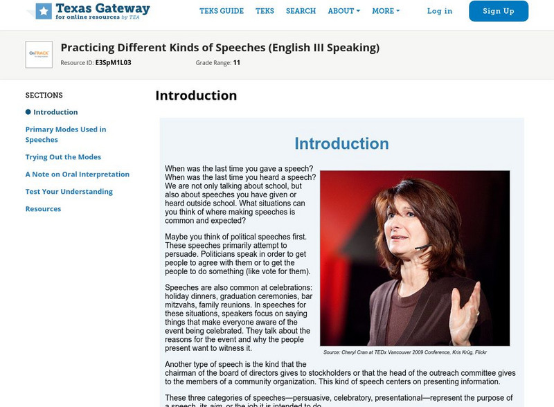Texas Gateway: Practicing Different Kinds of Speeches (English Iii Speaking)
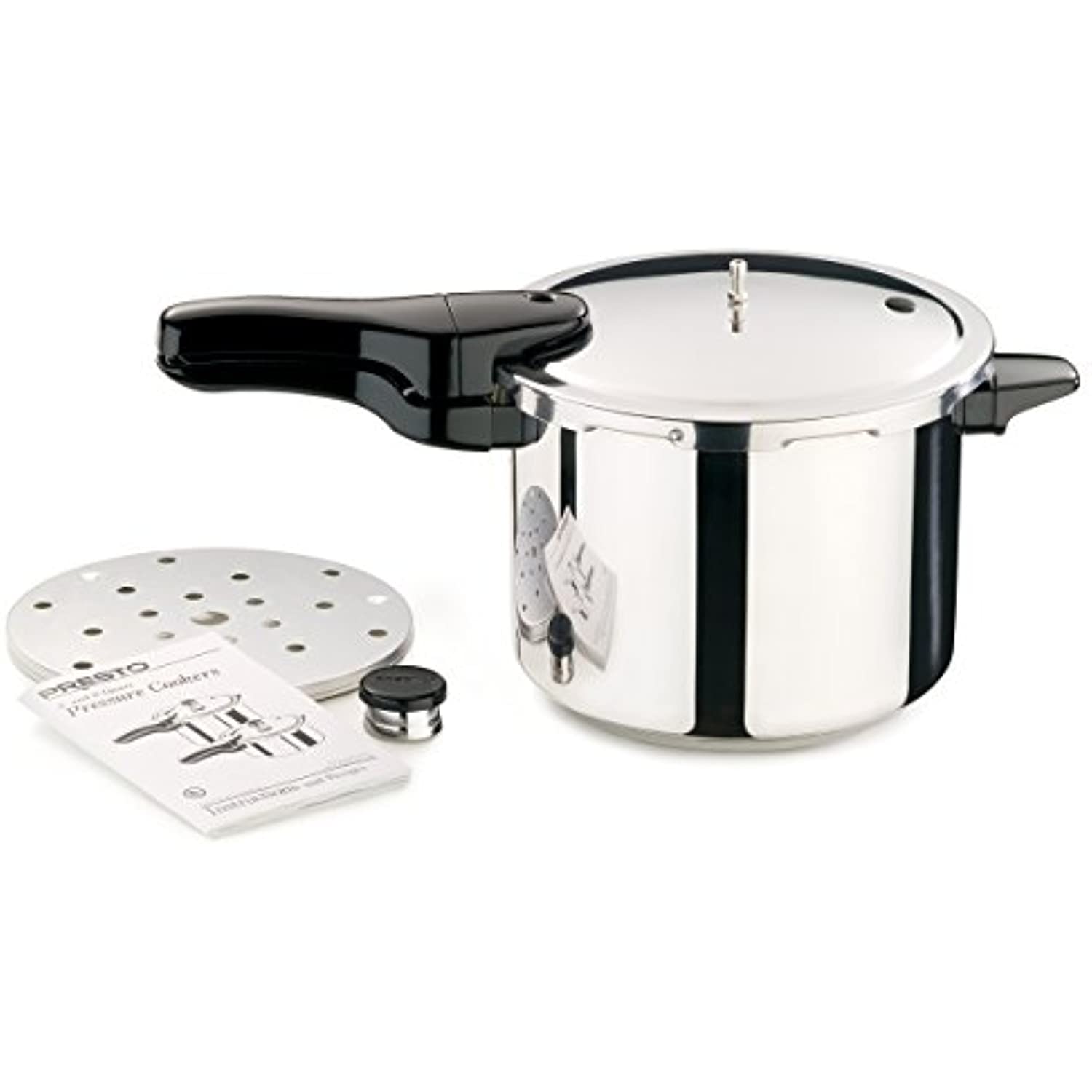 Amazon.com Pressure cookers have experienced renewed popularity over the last several years because cooks have rediscovered what some cooks (particularly grandmas) have known for a long time--they're really fast. And it's easy to cook healthfully with pressure cookers, since the food retains so much more of its nutrients and flavor. Presto's 6-quart stainless steel pressure cooker is a multi-purpose pot that can stand in as a conventional soup pot as well as perform the kitchen magic that pressure cookers are famous for. Chicken Cacciatore cooks in 8 minutes! This professional-quality stainless steel pressure cooker is a handy addition to any well-rounded set of kitchen tools. The heavy-duty lid locks down during cooking; an inner sealing ring keeps the steam in. In addition to a pop-up pressure indicator and a simple steam release mechanism, there is an overpressure plug that will let off steam if it builds up excessively. This pressure cooker is useful for weeknight dinners or for any meal that needs to come together quickly. An accompanying booklet contains more than 65 recipes, ranging from basic soup stocks to stews and pot roasts--even desserts like 5-minute custards! Tenderize lean cuts of beef or pork; or cook chicken, fish, or vegetables faster than you can in a microwave, and without losing moisture. Nonabrasive cleansers are best for cleaning this stainless steel pressure cooker, though occasional use of a fine metal polish will help the exterior keep its shine. The Presto 6-quart pressure cooker is fully immersible; in addition, the sealing ring should be removed after each use to allow cleaning of the inside rim of the lid. The vent pipe is simple to keep clean with a small brush or pipe cleaner, and both the air vent/cover lock and the overpressure plug are removable. The pressure cooker measures 9 inches in diameter (17 inches including handles) and 8-1/2 inches tall (including lid). Presto guarantees this pressure cooker with an extended 12-year warranty. A detailed instruction and recipe booklet is included; special safety issues that pertain to pressure cookers are clearly explained. --Garland Withers Product Description The smart choice for healthy, favorful meals, fast and easy. Cooks 3 to 10 times faster than ordinary cooking methods - even faster than a microwave for many foods. Chicken, fish, meat and vegetables cook to perfection fast. Helps tenderize economical cuts of meat. Works on regular and smooth-top ranges. Cover lock indicator shows when there is pressure inside the cooker and prevents the cover from being removed until pressure is safely reduced. Includes a special rack for cooking several foods at once with no intermingling of flavors. Dishwasher safe for easy cleaning. Liquid capacity: 6 quarts (5.7 liters). Works on gas
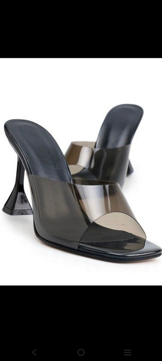 Şeffaf bantlı siyah stiletto topuklu kadın ayakkabı, çağdaş ve avangart tarzıyla ofis için uygundur.
----------
Directions for this task: Everything in the listing except the pictures must be reproduced exactly.

Exercise answer:
Texas Gateway: Practicing Different Kinds of Speeches (English Iii Speaking)
 Amazon.com Pressure cookers have experienced renewed popularity over the last several years because cooks have rediscovered what some cooks (particularly grandmas) have known for a long time--they're really fast. And it's easy to cook healthfully with pressure cookers, since the food retains so much more of its nutrients and flavor. Presto's 6-quart stainless steel pressure cooker is a multi-purpose pot that can stand in as a conventional soup pot as well as perform the kitchen magic that pressure cookers are famous for. Chicken Cacciatore cooks in 8 minutes! This professional-quality stainless steel pressure cooker is a handy addition to any well-rounded set of kitchen tools. The heavy-duty lid locks down during cooking; an inner sealing ring keeps the steam in. In addition to a pop-up pressure indicator and a simple steam release mechanism, there is an overpressure plug that will let off steam if it builds up excessively. This pressure cooker is useful for weeknight dinners or for any meal that needs to come together quickly. An accompanying booklet contains more than 65 recipes, ranging from basic soup stocks to stews and pot roasts--even desserts like 5-minute custards! Tenderize lean cuts of beef or pork; or cook chicken, fish, or vegetables faster than you can in a microwave, and without losing moisture. Nonabrasive cleansers are best for cleaning this stainless steel pressure cooker, though occasional use of a fine metal polish will help the exterior keep its shine. The Presto 6-quart pressure cooker is fully immersible; in addition, the sealing ring should be removed after each use to allow cleaning of the inside rim of the lid. The vent pipe is simple to keep clean with a small brush or pipe cleaner, and both the air vent/cover lock and the overpressure plug are removable. The pressure cooker measures 9 inches in diameter (17 inches including handles) and 8-1/2 inches tall (including lid). Presto guarantees this pressure cooker with an extended 12-year warranty. A detailed instruction and recipe booklet is included; special safety issues that pertain to pressure cookers are clearly explained. --Garland Withers Product Description The smart choice for healthy, favorful meals, fast and easy. Cooks 3 to 10 times faster than ordinary cooking methods - even faster than a microwave for many foods. Chicken, fish, meat and vegetables cook to perfection fast. Helps tenderize economical cuts of meat. Works on regular and smooth-top ranges. Cover lock indicator shows when there is pressure inside the cooker and prevents the cover from being removed until pressure is safely reduced. Includes a special rack for cooking several foods at once with no intermingling of flavors. Dishwasher safe for easy cleaning. Liquid capacity: 6 quarts (5.7 liters). Works on gas
 Şeffaf bantlı siyah stiletto topuklu kadın ayakkabı, çağdaş ve avangart tarzıyla ofis için uygundur.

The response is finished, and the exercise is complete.